Мы должны теперь обратить наше внимание на рассмотрение политики, рассчитанной на более длительное время, ибо предстоит еще пройти большой и трудный путь до того, как будет достигнута та полная победа, без которой наши усилия и жертвы были бы напрасными.
.
Война идет на многих фронтах, и, до того, как она окончится, могут возникнуть еще новые боевые фронты. Наши ресурсы хотя и огромны, тем не менее они ограничены, и речь должна идти о том, где и когда эти ресурсы могут быть наилучшим образом использованы в целях максимального содействия нашим общим усилиям. Это относится равным образом как к военному снаряжению, так и к сырью.
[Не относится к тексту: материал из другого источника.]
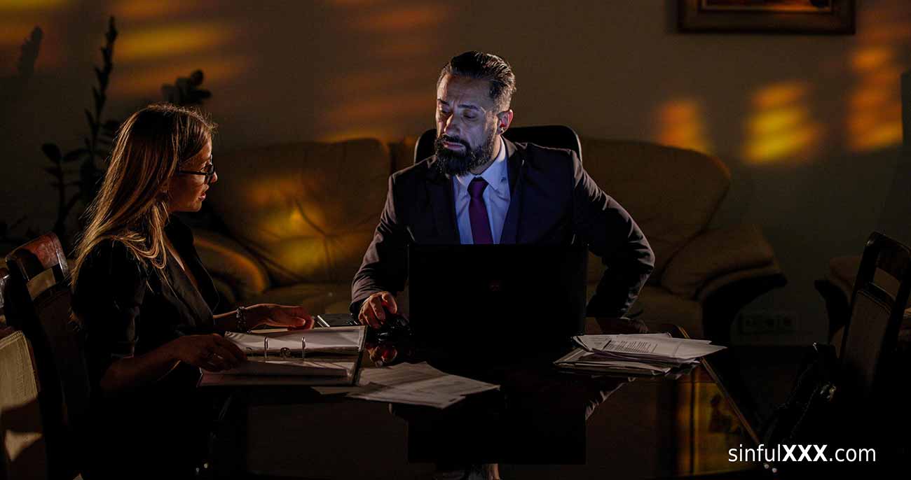 Secretary Eveline Dellai starts early the next morning to prepare the work day for her boss. She finds the handbag that Medusa has accidentally left at Mugur’s office. When she opens the bag, she gets turned on… what happened after she left, last night?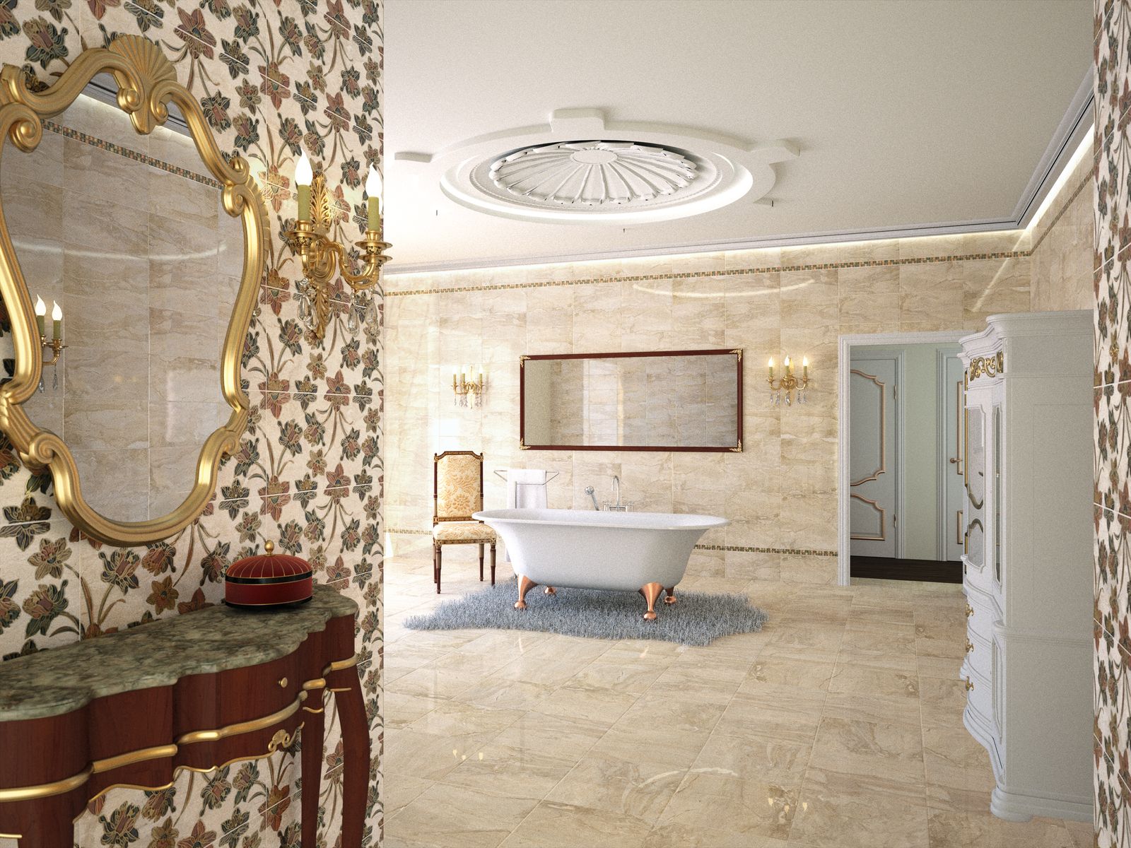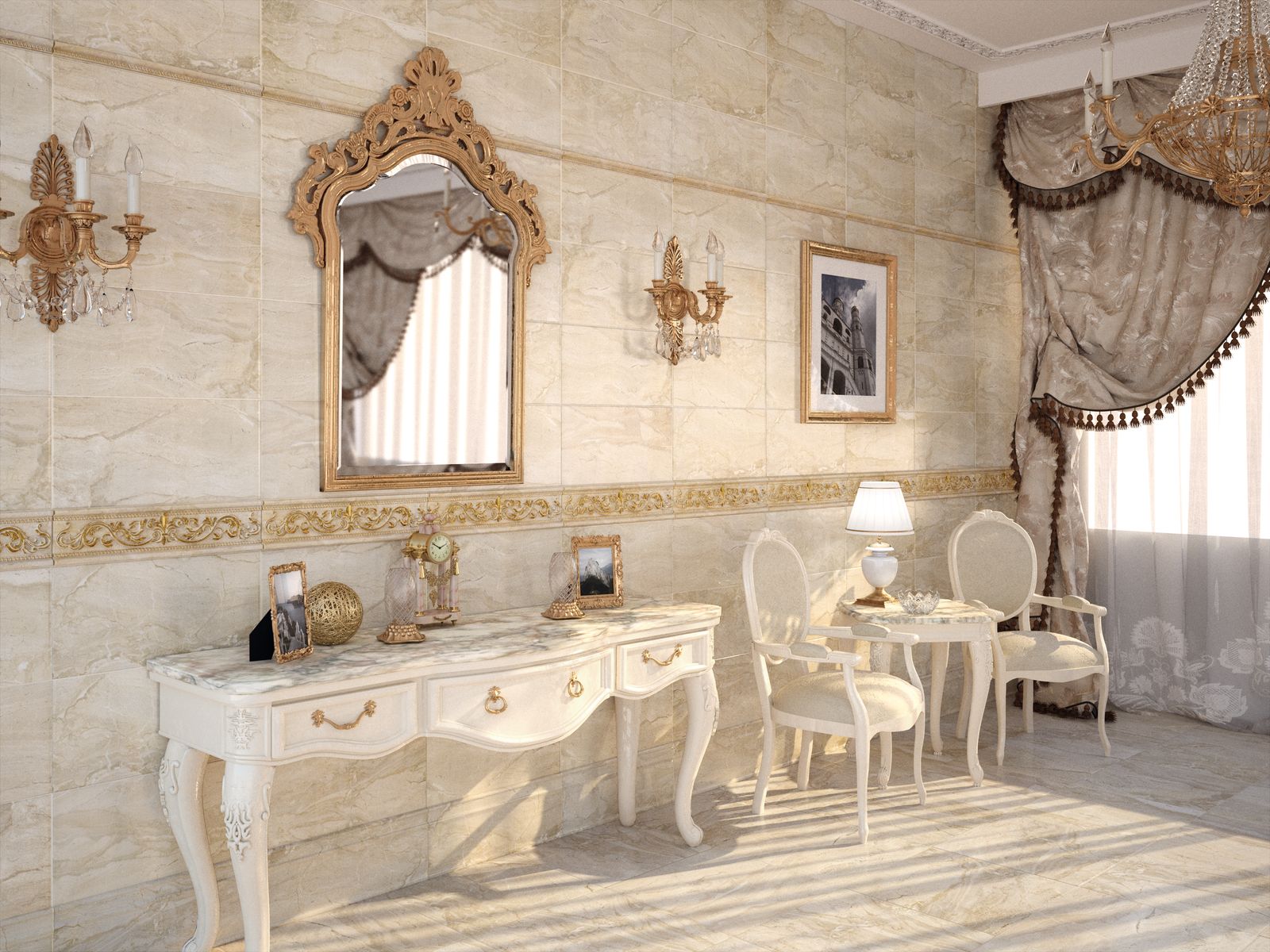 - Nuances de marbre peut également être applicable dans divers cas.Une tuile rouge avec un effet vieilli décorer les sols dans la salle de la cheminée ou le hall d'une grande maison de campagne. La surface d'aspect ancien des étages inspire les châteaux médiévaux et les salles du trône des palais. Un effet intéressant à cet égard sera l’utilisation d’une gamme de nuances de vert ou de bleu. Ces couleurs sont également caractéristiques des intérieurs baroques et rococo. Les murs en malachite ou les nuances de la mer se marient à la fois dans la salle de bains et dans la décoration des salons combinés à des salles à manger.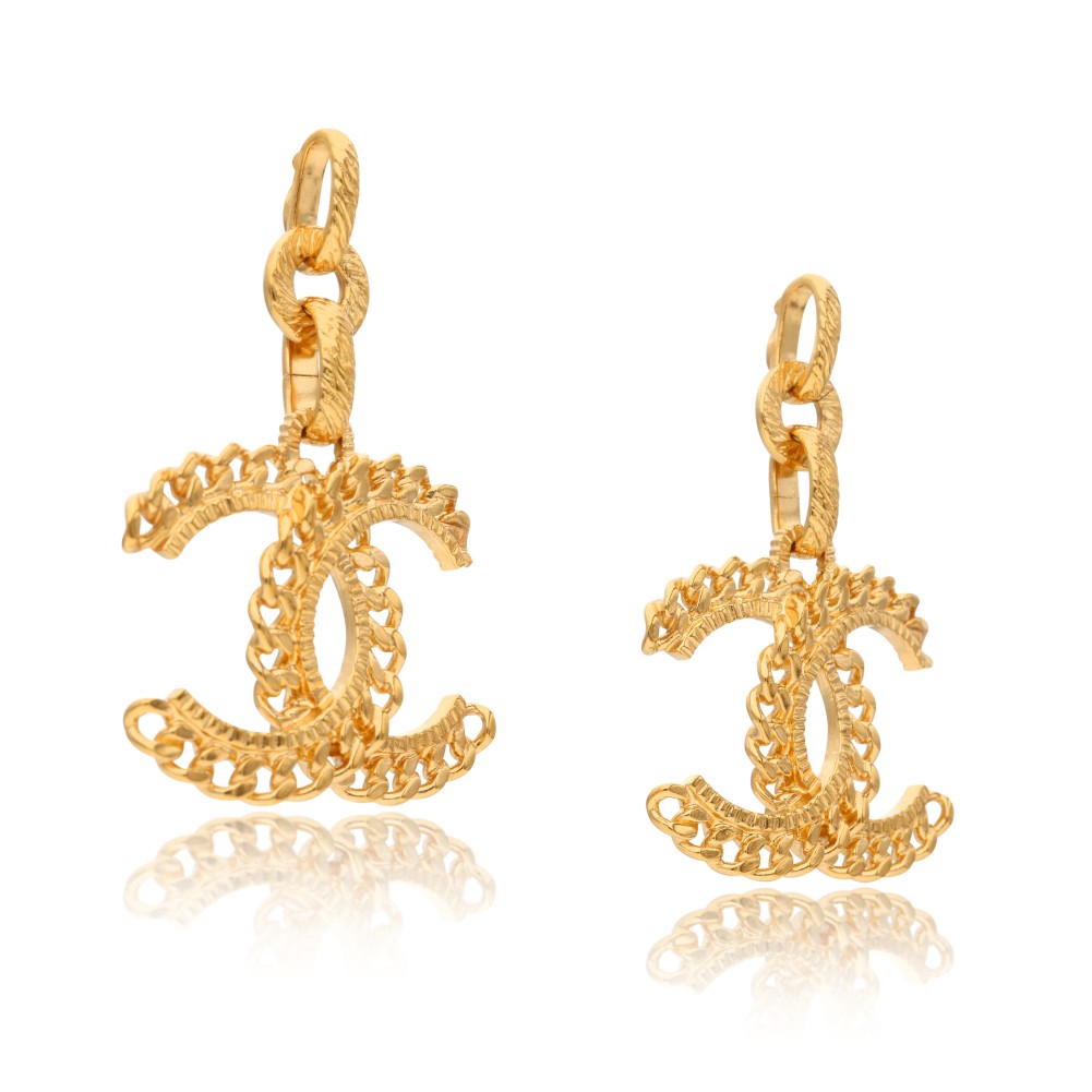 Chanel Gold Metal CC Chain Drop Earrings, 2020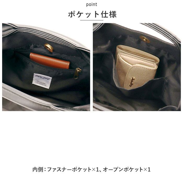 ・長財布や500mlペットボトル+@が入るサイズ感。小物が迷子にならない内ポケット付き。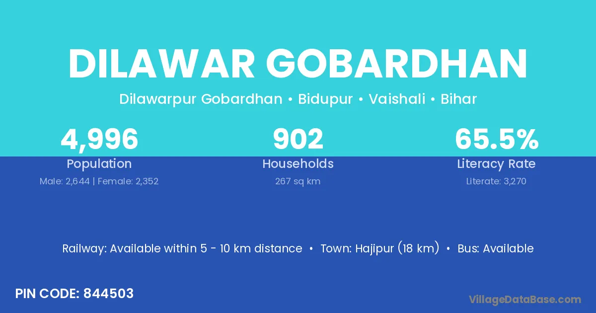 Hajipur (18 km) is the nearest town to Dilawar Gobardhan village for major economic activities and is located approximately 18 km away.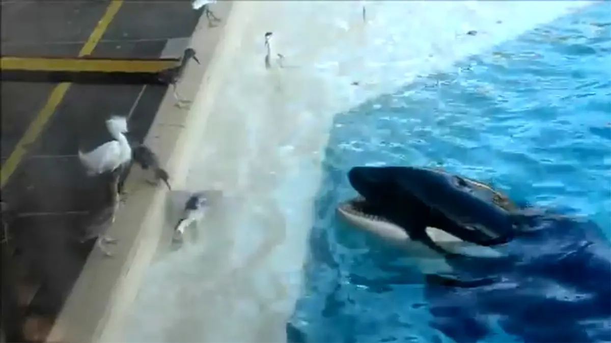 حوادث رکنا: یک وال در صحنه ای جالب چند پرنده را که اطراف خود می دید در صحنه ای برقآسا یکی از پرندگان نزدیک خود را بلعید.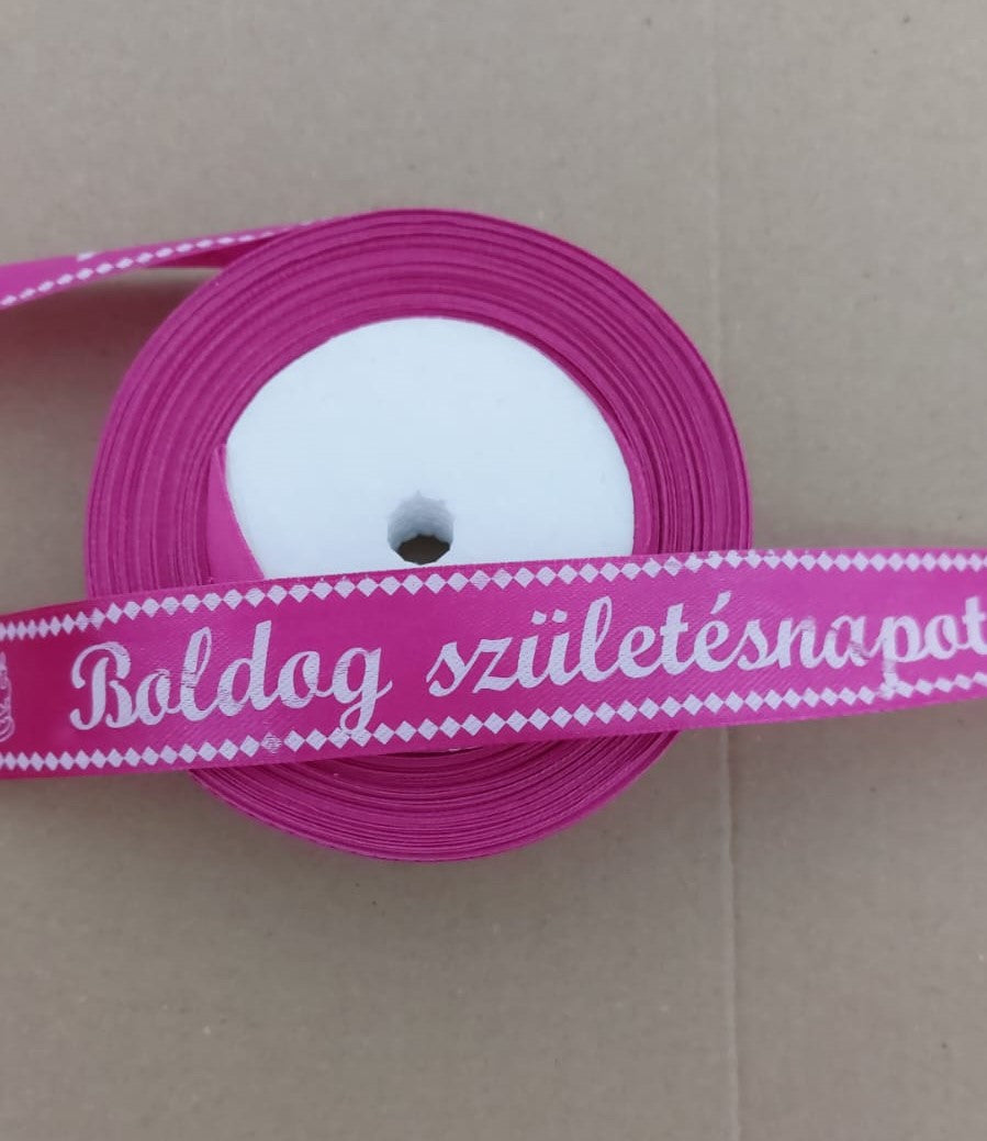 Banda decor saten 2.5cmx25y Boldog Szuletesnapot ciclam

Потребности и нужды Ваших и наших вооруженных сил могут быть определены лишь в свете полной осведомленности о многих фактах, которые должны быть учтены в принимаемых нами решениях. Для того чтобы мы все смогли принять быстрые решения по вопросу о распределении наших общих ресурсов, мы предлагаем подготовить совещание в Москве, на которое мы послали бы высокопоставленных представителей, которые могли бы обсудить эти вопросы непосредственно с Вами. Если предложение о таком совещании встретит Ваше одобрение, то мы хотим поставить Вас в известность, что впредь до принятия этим совещанием решений мы будем продолжать по возможности быстрее отправлять Вам снабжение и материалы.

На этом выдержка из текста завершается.